Выбрать главу

После Англии — это удивительно. Чувствуешь себя в опере, честное слово!

Итальянцы будут хорошими социалистами, мне кажется.

Жму руки.

А. Пешков

411

И. П. ЛАДЫЖНИКОВУ

Конец мая [середина июня] 1907, Капри.

Дорогой Иван Павлович!

Не напечатают ли англичане прилагаемое письмо? Мне кажется, оно имеет некую цену для них, до известной степени освещая политику царя.

М. б., Вы предложите и немцам или французам? Тогда уничтожьте обращение к редактору «Нации».

Пожалуйста, пришлите мне записки Урусова! И — если вышло — немецкое издание «Матери».

Записки Лопухина не Вы ли издаете?

Заканчиваю мою повесть «Шпионы».

Здесь Гусев-Оренбургский.

Получил из России декадентские книги.

Озера глупости и пошлости!

Жму руку.

А. Пешков

412

И. П. ЛАДЫЖНИКОВУ

7 или 8 [20 или 21] июня 1907, Капри.

Дорогой Друг!

Новое предательство кадетов прекрасно завершает социальную позицию и дочерчивает психическую физиономию этих бывших людей — каждый истинный революционер теперь, я думаю, должен ясно видеть, что это люди, совершенно лишенные разумного социального чувства солидарности с духовными интересами родины, это — бывшие люди — лишние люди

Меня никогда не тревожила возможность их морального влияния на массы — это влияние, разумел я, не может исходить от партии, не вооруженной широким идейным планом коренной перестройки общественных отношений.

Но я порою думал, что эти люди способны затруднить, запутать логический и нормальный ход нашей революции своей проповедью примирения, я полагал, что, являясь, хотя и слабыми — в смысле энергии интеллектуальной — защитниками известных экономических интересов, эти жалкие люди своей двойственностью могут вредить росту революционного, то есть социалистического сознания в народе.

Сейчас я очень рад — кадеты политически издохли, они обнаружили свое ничтожество и тем оттолкнули от себя демократию. Мне думается, кадеты теперь уже не в состоянии как-либо помешать необходимой изоляции пролетариата, они слишком рано обнажились, и всякий разумный человек должен ясно видеть, что с их стороны никогда нельзя ждать чего-либо жизненного, какой-либо активной помощи делу революции.

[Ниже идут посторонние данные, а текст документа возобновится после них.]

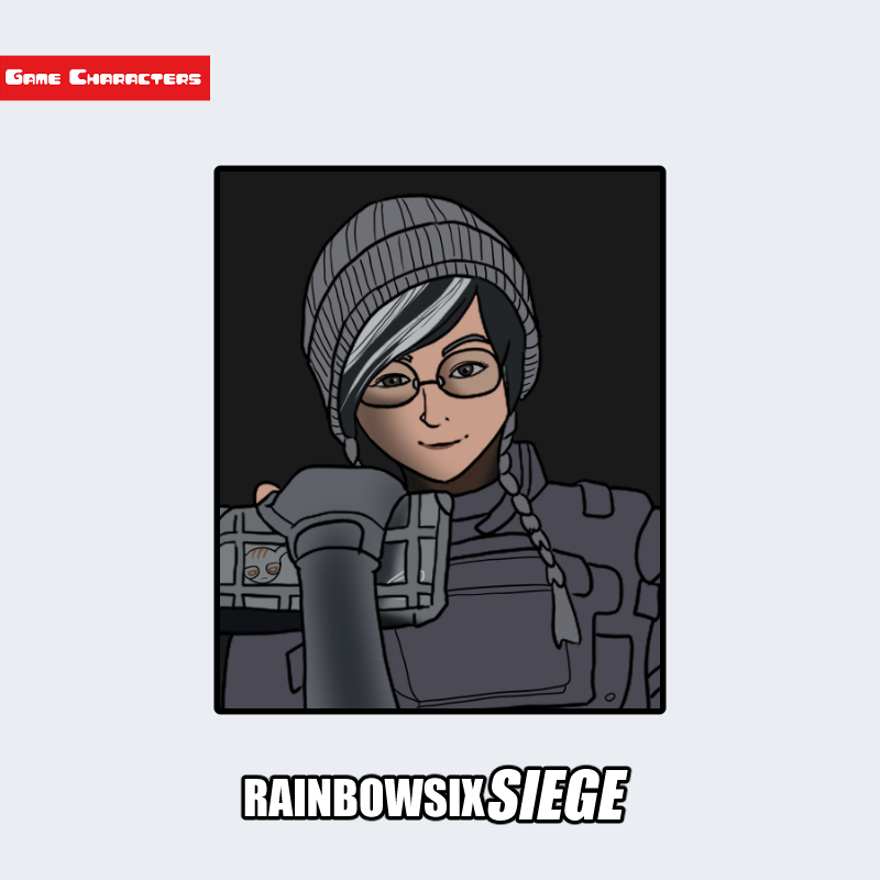 『レインボーシックスシージ』に登場するドッケビは、グレーを基調とした戦術スーツにニット帽を合わせた「電子工作型」のオペレーターである。画像では、黒髪に白いメッシュが入ったショートヘアと、丸型のメガネが特徴的である。手に持つ電子端末は情報戦を象徴する要素であり、装備全体は軽量かつ機能性を重視した構成となっている。全体的に現代的なテクノロジー装備と個性あるアクセサリーを融合させた構造で、他キャラに比べて知的要素を強く反映したデザインと言える。

Я уверен, что избирательный закон, совершенно уничтожающий даже призрак конституции, будет изменен под давлением жизни, то есть в силу протеста демократии, руководимой пролетариатом, и, вероятно, кадеты снова попытаются выйти на сцену. Это их выступление будет их публичною казнью, гражданскою смертью, им не дадут голосов, и эта сволочь, оторвавшаяся от жизни, бесследно распылится в ней, бесследно — ибо она не оставит по смерти своей ни зерна какой-либо живой идеи. Не надо быть пророком, чтобы предвидеть подобное.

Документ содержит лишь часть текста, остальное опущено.